18 March will mark the fifth anniversary of Putin’s annexation of Crimea. Everyone remembers military personnel in green uniform without insignia and the tactic of hybrid warfare. However, the time has come to review this important international political event in terms of the life of people on the peninsula and evaluate the fairness of our own assessment of what has happened. 

How did it all start? 

The Autumn of 2013 saw the first protests of proponents of Ukraine’s integration into Europe against the policy of President Victor Yanukovich, who preferred political manoeuvring and reaping the benefits of cooperation with Russia. Soon the protests in the Maidan Nezalezhnosti (which in Ukrainian means Independence Square) escalated into open clashes with the government and in spring 2014 resulted in President Yenukovich’s flight to Russia and the rise of the opposition to power.

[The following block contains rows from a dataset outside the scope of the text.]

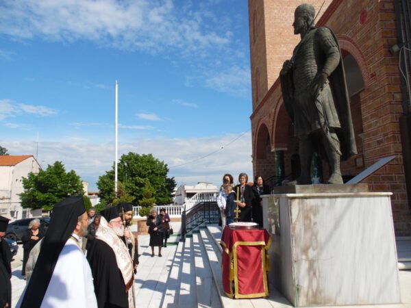 Στη συνέχεια εψάλη Τρισάγιο μπροστά στον ανδριάντα του Κωνσταντίνου Παλαιολόγου, τον οποίο έχει φιλοτεχνηθεί με μέριμνα του μακαριστού Μητροπολίτη Διδυμοτείχου κύρου Νικηφόρου και στήθηκε μπροστά στον Ιερό Καθεδρικό ΝΑό ώστε να θυμίζει τους πνευματικούς δεσμούς της Κωνσταντινούπολης με το Διδυμότειχο.
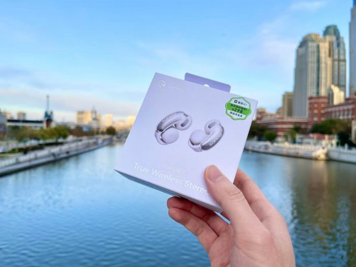 ▲ 这款塞那S9S耳夹式耳机,采用硬质的白色纸盒包装,外观设计简约低调,尺寸上也非常适合装进包里携带!
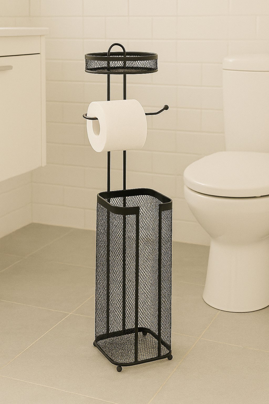 Specificatii tehnice Marca: 5Five Model: Mayaj Culoare: Negru Material: Otel Dimensiuni produs: L. 17,5 x P. 15,7 x H. 73,3 cm Scurta descriere Suportul Mayaj de la 5Five este o solutie eleganta si practica pentru depozitarea si utilizarea rolelor de hartie igienica. Realizat din otel vopsit negru, ofera un design minimalist si se potriveste perfect in baile moderne. Caracteristici principale Structura metalica solida si durabila Design compact cu functie dubla: suport si depozitare Culoare neagra pentru un aspect modern Usor de amplasat si de mutat Ideal pentru bai de orice dimensiune
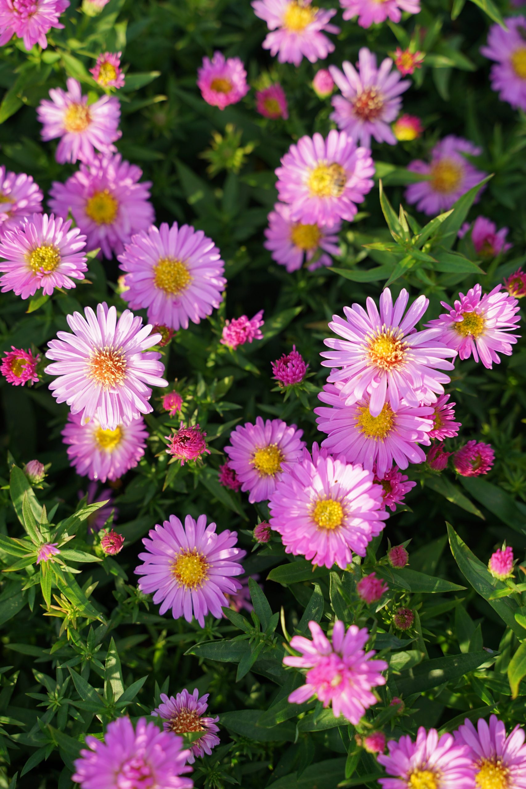 rosa-violett, IX-X, 35 cm, Blatt grün, sonnig, mittel, ausläufertreibend, Pflanzabstand 35 cm
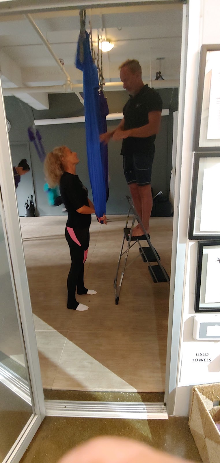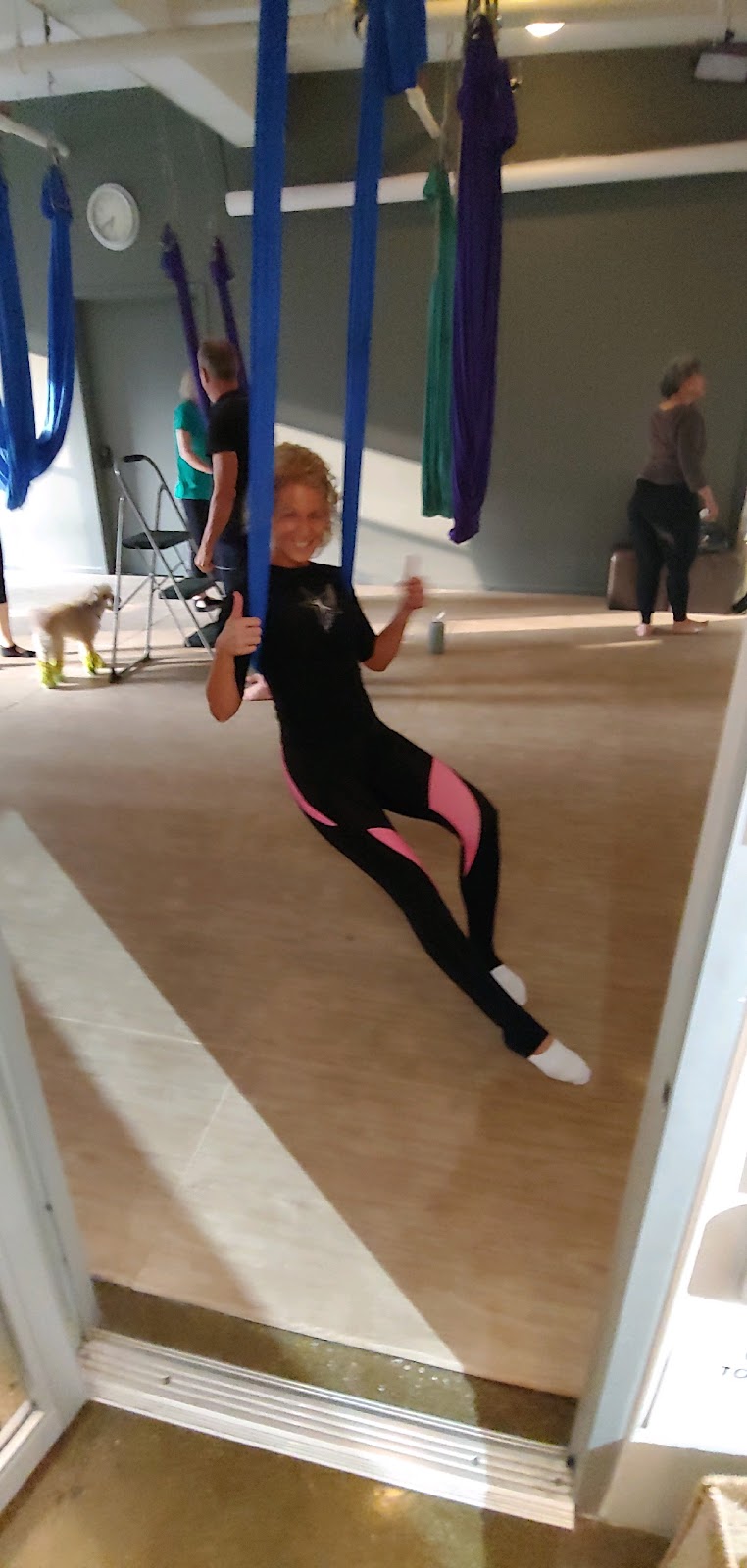 "Christopher is clearly knowledgeable—he mentioned founding anti-gravity yoga and guided us through a well-rounded session that included stretching, strength work, and inversions. However, his humor is a central part of the experience and may not be for everyone. For example, he joked that we had to laugh while swinging or he’d come “tickle” us—but his tone and presence made it feel more like a command than a suggestion. His feedback can also feel insensitive to different abilities and learning styles. A few beginners, who appeared new to anti-gravity yoga and were visibly struggling, was told, “No… no! / Figure it out! / Just try to look like me!”—which didn’t seem supportive, especially as the students looked uncomfortable and didn’t engage with the humor. Photos were also taken on an iPhone (unclear if it belonged to Christopher or the studio) and Airdropped at the end; you can opt out during class if you prefer not to be photographed. Toward the end, the studio’s small dog joined us in a hammock and barked to “help wake us up.” If you have pet allergies, it’s a good idea to call ahead and ask about accommodations. The studio itself is clean, with friendly staff, a water dispenser, and well-maintained changing rooms and restrooms. I would still recommend the studio overall—it has a welcoming atmosphere, and I had a great experience with another instructor. If you’re newer to anti-gravity yoga or prefer a more hands-on, supportive approach with a different teaching style, you might find another instructor at the studio to be a better fit."
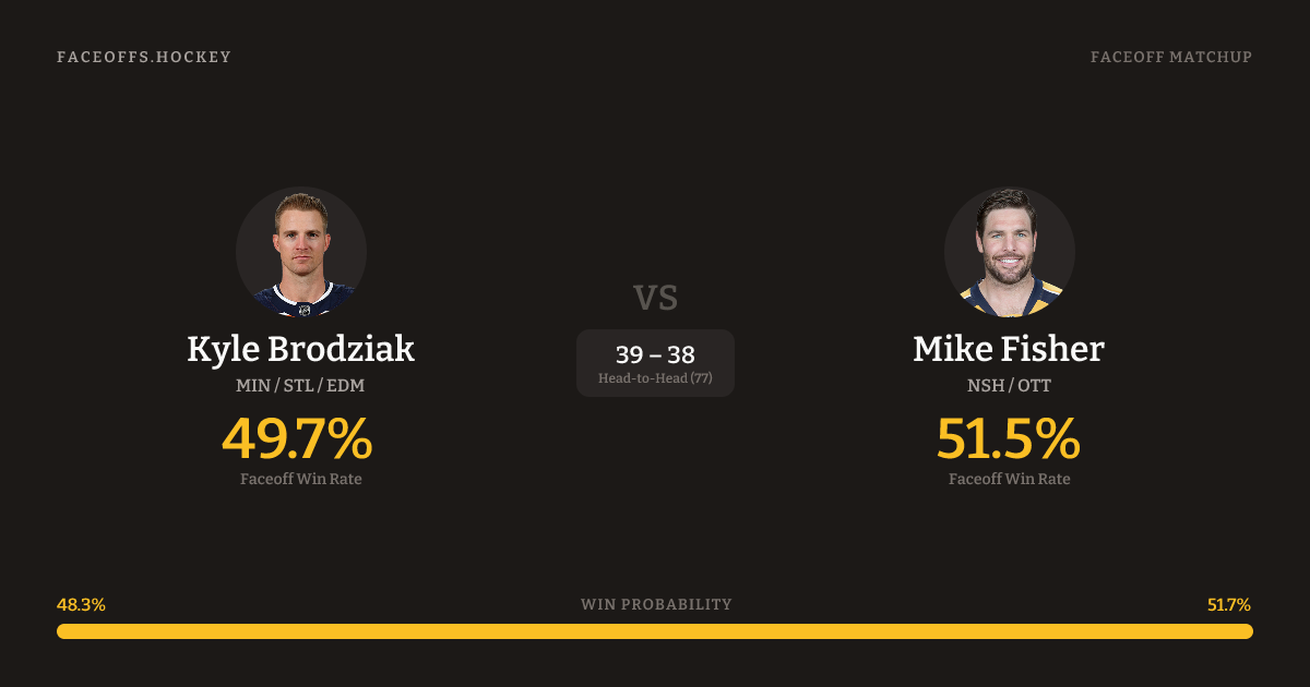 Kyle Brodziak vs Mike Fisher — Faceoff Head-to-Head
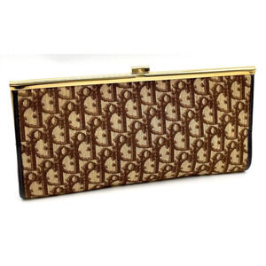 Authentic Christian Dior Trotter Canvas Brown Clutch Bag W/White Shop Dior Bag
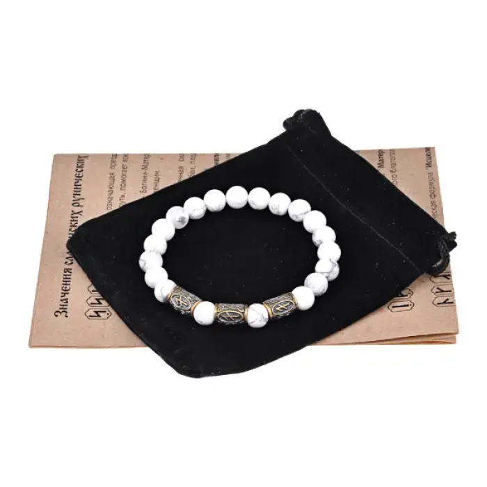 Славянский рунический браслет Берегиня, 8мм, Кахолонг BSRS-002
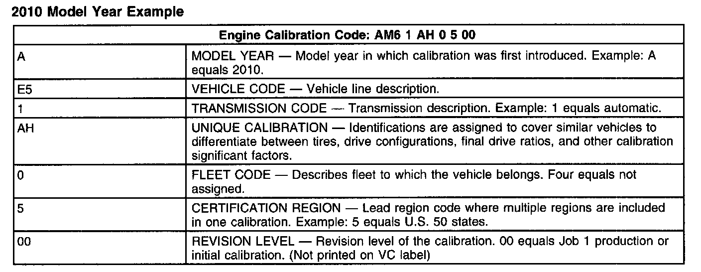 Base engine calibration information, also referred to as the powertrain calibration, is located in the lower right corner of the VC label. Engine calibration information is limited to a maximum of five characters per line (two lines maximum). Calibration information more than five characters long wraps to the second line of this field. Only the base calibration appears on this label. The revision level is no longer printed on the label; however, it can be found in On-line Automotive Service Information System (OASIS). For more information on VC label or engine calibration, refer to the Vehicle/Application and ID, Identification Codes.
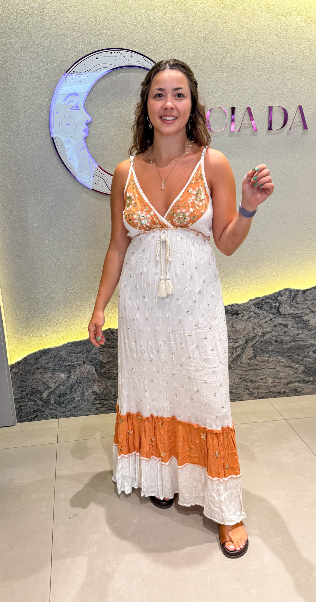 Com inspiração boho chic, este Vestido Indiano Longo une elegância, leveza e detalhes que encantam. Os bordados a mão dourados trazem um toque de sofisticação, enquanto o decote em V valoriza a silhueta com delicadeza.
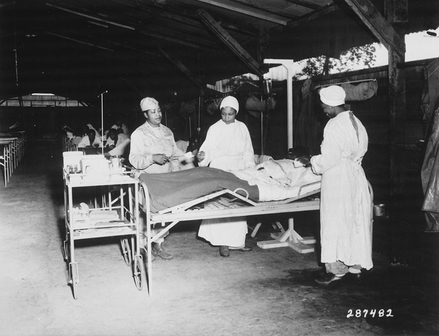△ 在新几内亚外科的的陆军护士︰荷属新几内亚(New Guinea)米尔恩湾(Milne Bay)A基地第268站医院(268th Station Hospital)外科病房的陆军护士。 1944年6月22日。
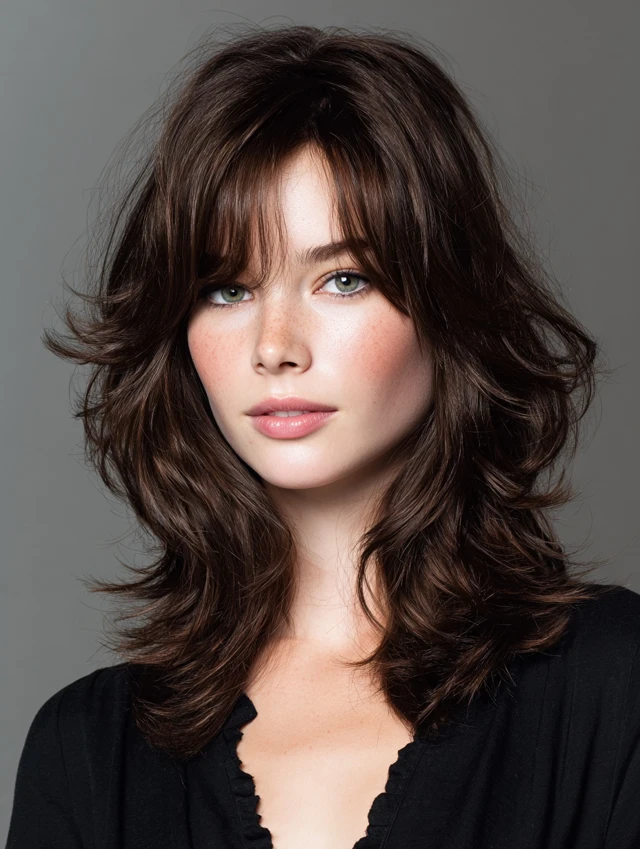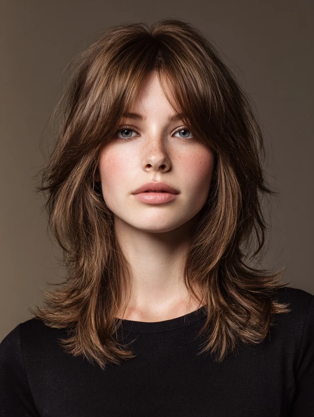 This style features shoulder-length layers with choppy crown sections and feathered ends. Works well on oval, heart, and square faces, giving volume and movement without heaviness. Straight or slightly wavy hair shows layers clearly.
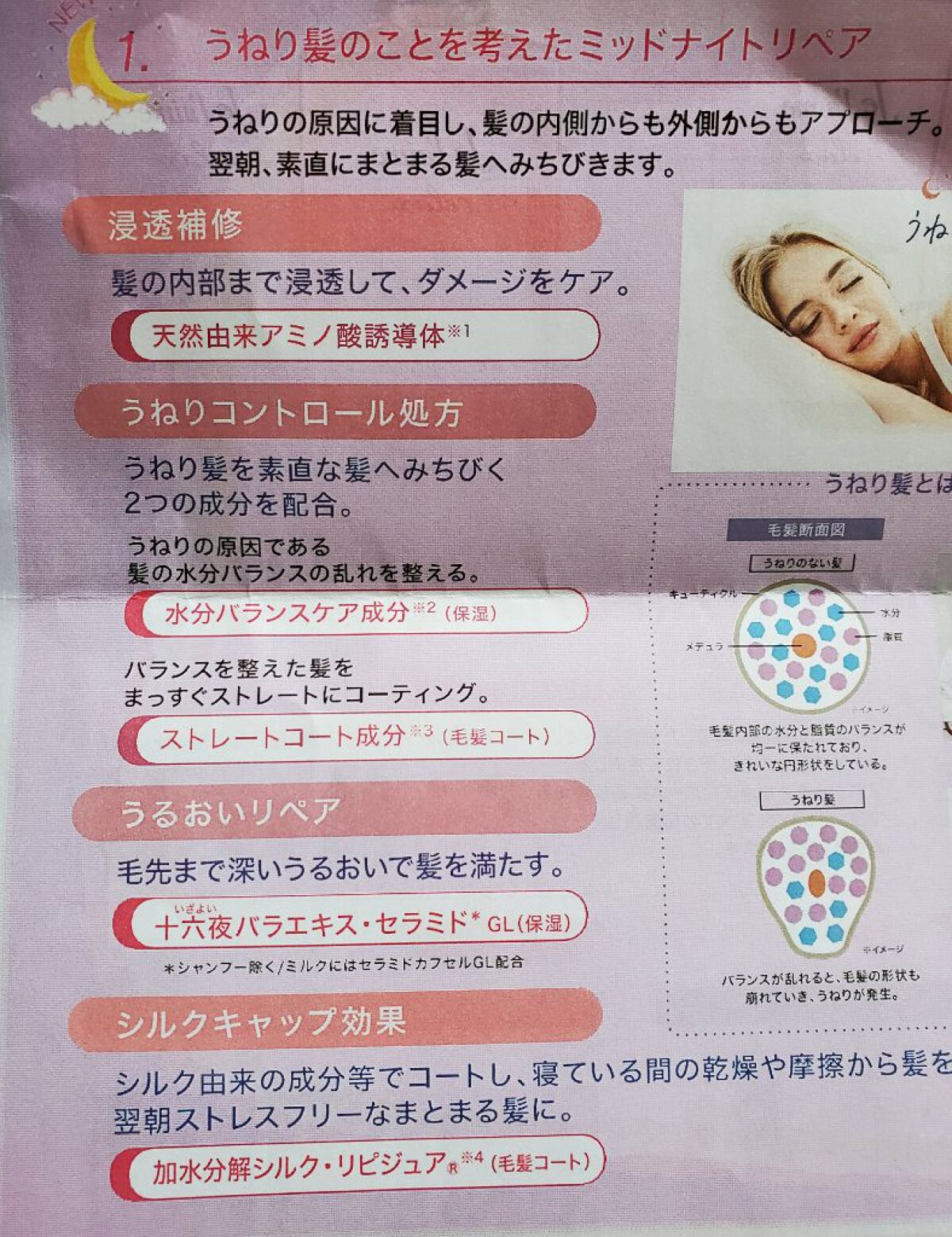 - <シャンプー本体 480ml> 水、ココイルグルタミン酸TEA、ラウロイルメチルアラニンTEA、ココイルグリシンK、コカミドプロピルベタイン、ラウリルベタイン、ココイルメチルタウリンNa、PPG-2コカミド、エタノール、グリセリン、アルガニアスピノサ核油、イザヨイバラエキス、グリコシルトレハロース、テアニン、トコフェロール、ハチミツ、ポリクオタニウム-51、加水分解シルク、BG、EDTA-2Na、イソステアリン酸PEG-50水添ヒマシ油、クエン酸、ジラウリン酸PEG-75、ジラウロイルグルタミン酸リシンNa、ポリクオタニウム-10、ポリクオタニウム-7、塩化Na、加水分解水添デンプン、炭酸水素Na、フェノキシエタノール、メチルパラベン、安息香酸Na、香料 <ヘアトリートメント本体 480ml> 水、ジメチコン、エチルヘキサン酸セチル、セテアリルアルコール、ステアルトリモニウムクロリド、ベヘニルアルコール、アモジメチコン、グリセリン、ミリスチン酸イソプロピル、アルガニアスピノサ核油、イザヨイバラエキス、テアニン、ハチミツ、ポリクオタニウム-51、加水分解シルク、BG、BHT、EDTA-2Na、PEG-40水添ヒマシ油、PEG-45M、イソステアリン酸、イソプロパノール、クエン酸Na、ジステアリルジモニウムクロリド、ジラウロイルグルタミン酸リシンNa、ステアリン酸グリセリル、セラミドNG、ポリクオタニウム-7、水酸化Al、水添パーム油、水添ヤシ油、フェノキシエタノール、メチルパラベン、安息香酸Na、香料 <シャンプー 詰替 340ml> 水、ココイルグルタミン酸TEA、ラウロイルメチルアラニンTEA、ココイルグリシンK、コカミドプロピルベタイン、ラウリルベタイン、ココイルメチルタウリンNa、PPG-2コカミド、エタノール、グリセリン、アルガニアスピノサ核油、イザヨイバラエキス、グリコシルトレハロース、テアニン、トコフェロール、ハチミツ、ポリクオタニウム-51、加水分解シルク、BG、EDTA-2Na、イソステアリン酸PEG-50水添ヒマシ油、クエン酸、ジラウリン酸PEG-75、ジラウロイルグルタミン酸リシンNa、ポリクオタニウム-10、ポリクオタニウム-7、塩化Na、加水分解水添デンプン、炭酸水素Na、フェノキシエタノール、メチルパラベン、安息香酸Na、香料 <ヘアトリートメント詰替 340ml> 水、ジメチコン、エチルヘキサン酸セチル、セテアリルアルコール、ステアルトリモニウムクロリド、ベヘニルアルコール、アモジメチコン、グリセリン、ミリスチン酸イソプロピル、アルガニアスピノサ核油、イザヨイバラエキス、テアニン、ハチミツ、ポリクオタニウム-51、加水分解シルク、BG、BHT、EDTA-2Na、PEG-40水添ヒマシ油、PEG-45M、イソステアリン酸、イソプロパノール、クエン酸Na、ジステアリルジモニウムクロリド、ジラウロイルグルタミン酸リシンNa、ステアリン酸グリセリル、セラミドNG、ポリクオタニウム-7、水酸化Al、水添パーム油、水添ヤシ油、フェノキシエタノール、メチルパラベン、安息香酸Na、香料 <シャンプー 詰替 680ml> 水、ココイルグルタミン酸TEA、ラウロイルメチルアラニンTEA、ココイルグリシンK、コカミドプロピルベタイン、ラウリルベタイン、ココイルメチルタウリンNa、PPG-2コカミド、エタノール、グリセリン、アルガニアスピノサ核油、イザヨイバラエキス、グリコシルトレハロース、テアニン、トコフェロール、ハチミツ、ポリクオタニウム-51、加水分解シルク、BG、EDTA-2Na、イソステアリン酸PEG-50水添ヒマシ油、クエン酸、ジラウリン酸PEG-75、ジラウロイルグルタミン酸リシンNa、ポリクオタニウム-10、ポリクオタニウム-7、塩化Na、加水分解水添デンプン、炭酸水素Na、フェノキシエタノール、メチルパラベン、安息香酸Na、香料 <ヘアトリートメント詰替 680ml> 水、ジメチコン、エチルヘキサン酸セチル、セテアリルアルコール、ステアルトリモニウムクロリド、ベヘニルアルコール、アモジメチコン、グリセリン、ミリスチン酸イソプロピル、アルガニアスピノサ核油、イザヨイバラエキス、テアニン、ハチミツ、ポリクオタニウム-51、加水分解シルク、BG、BHT、EDTA-2Na、PEG-40水添ヒマシ油、PEG-45M、イソステアリン酸、イソプロパノール、クエン酸Na、ジステアリルジモニウムクロリド、ジラウロイルグルタミン酸リシンNa、ステアリン酸グリセリル、セラミドNG、ポリクオタニウム-7、水酸化Al、水添パーム油、水添ヤシ油、フェノキシエタノール、メチルパラベン、安息香酸Na、香料

Most of the Russian speaking and pro-Russian population of south-east Ukraine refused to recognise the newly formed leadership comprising members of the democratic forces. The new government, with the support of nationalist groups (essentially, right-wing paramilitary organisations), tried to use force to put the country in order. In the Kharkiv and Odessa regions it was only through hard pressure that they managed to suppress pro-Russian activists, while in the Donetsk and Luhansk regions in the east of the country the insurgents de facto refused to be subordinate to the centre. Kyiv authorities declared them separatists and terrorists and launched a full-scale military campaign against them. After the east Ukrainian guerillas got support from Moscow, the situation escalated into hostilities that continue to this day.

Crimea 

Crimea was an absolutely different story right from the start. It initially enjoyed broad autonomy within Ukraine since the time the USSR collapsed. Sevastopol hosted the major Russian Navy base for some centuries. No matter who was in power, the Tsar, Stalin, or Putin, that was the way things were. In spring 2014, the population of Crimea composed mainly of ethnic Russians and supported by the local parliament opted for secession from Ukraine. The reason was the open anti-Russian rhetoric of the new Ukrainian leadership. On 16 March 2014, a referendum was held in the territory of Crimea to determine its future status and the state it belonged to. As a result, of the 83.1% of the registered voters who took part in the vote, 96.77% opted for Crimea’s accession to Russia. A day later, Crimea’s independence was proclaimed and in a day more, on 18 March, Crimea joined the Russian Federation as a constituent entity.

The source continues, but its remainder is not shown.